Cosco Shipping has announced more details of its recent offer to take over Hong Kong’s OOIL, the parent of OOCL, in a response to the Shanghai Stock Exchange (SSE)’s inquiry.
SSE sent an inquiry letter to Cosco last week requesting further information on the takeover.
Cosco said the deal still needs to be reviewed by a number of overseas anti-monopoly authorities and currently the company is collecting information according to the requirements of these authorities to ensure that the deal is approved around the world.
In order to create maximum operating efficiency and synergies after the takeover of OOIL, Cosco plans to optimise operations in various areas including shipping network, fleet structure, container management, supplier network and information systems.

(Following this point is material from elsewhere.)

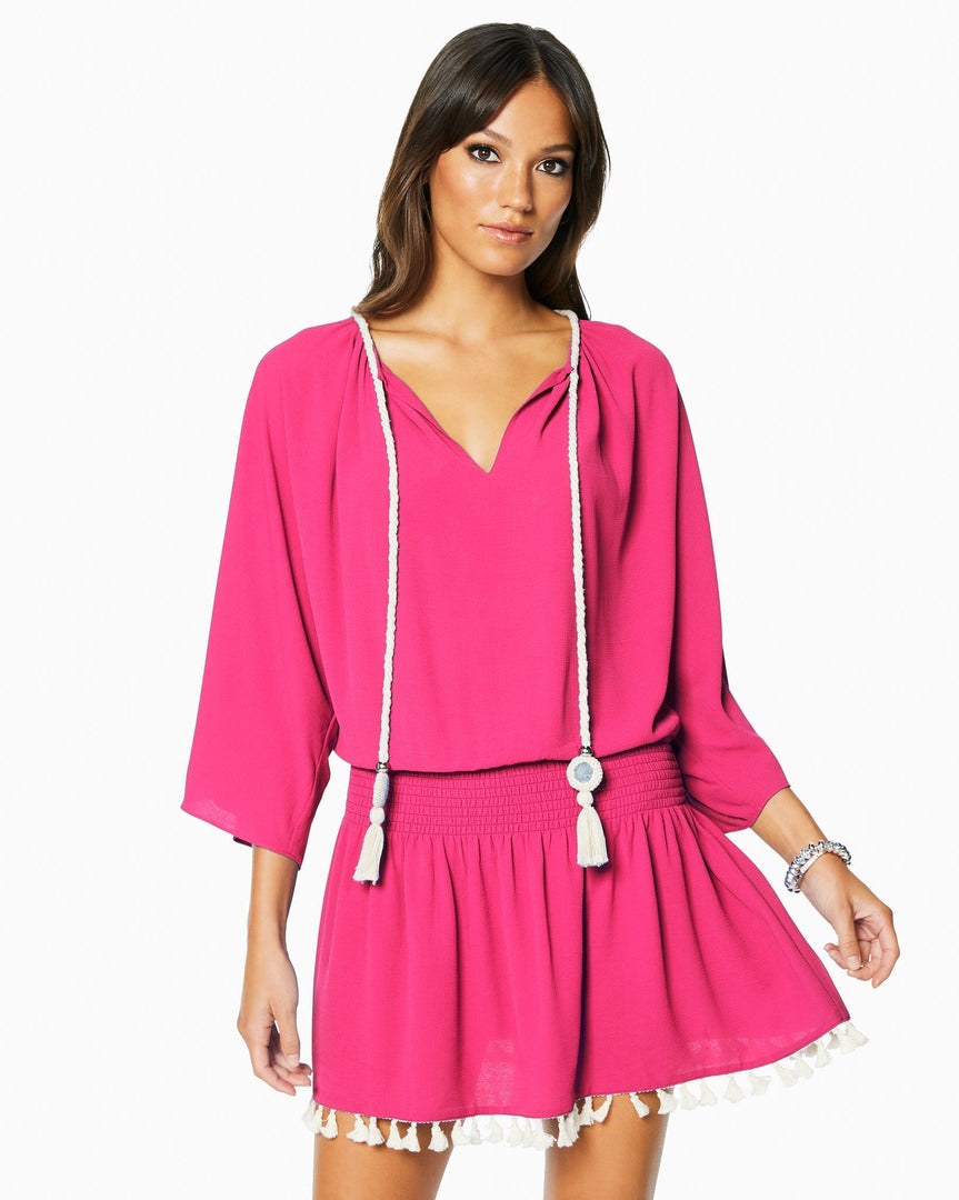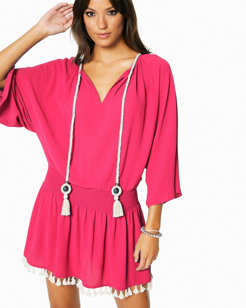 Dress for the sea breeze in the stunning Katana Dress. The oversized top and sleeves keep you cool even in the sun while providing extra coverage, while the cinched waist and mini dress length ensure you always feel free to move. We love the tropical embellished neck tie closure and tassel hemline detailing – it’s totally tropical!

Through the fleet and shipping network optimisation, Cosco expects to lower the fleet operation costs by returning extra chartered capacity and phasing out uncompetitive capacity.
In response to SSE’s concern over OOIL’s listing status on the Hong Kong Stock Exchange (HKSE), Cosco said it will maintain OOIL’s listing on the stock exchange and will take necessary measures to ensure the public shareholding ratio of OOIL meets the requirement of HKSE after the completion of the deal.
Cosco resumed stock trading on SSE today after it called a trading halt on May 17 with its share price leaping in double digit territory.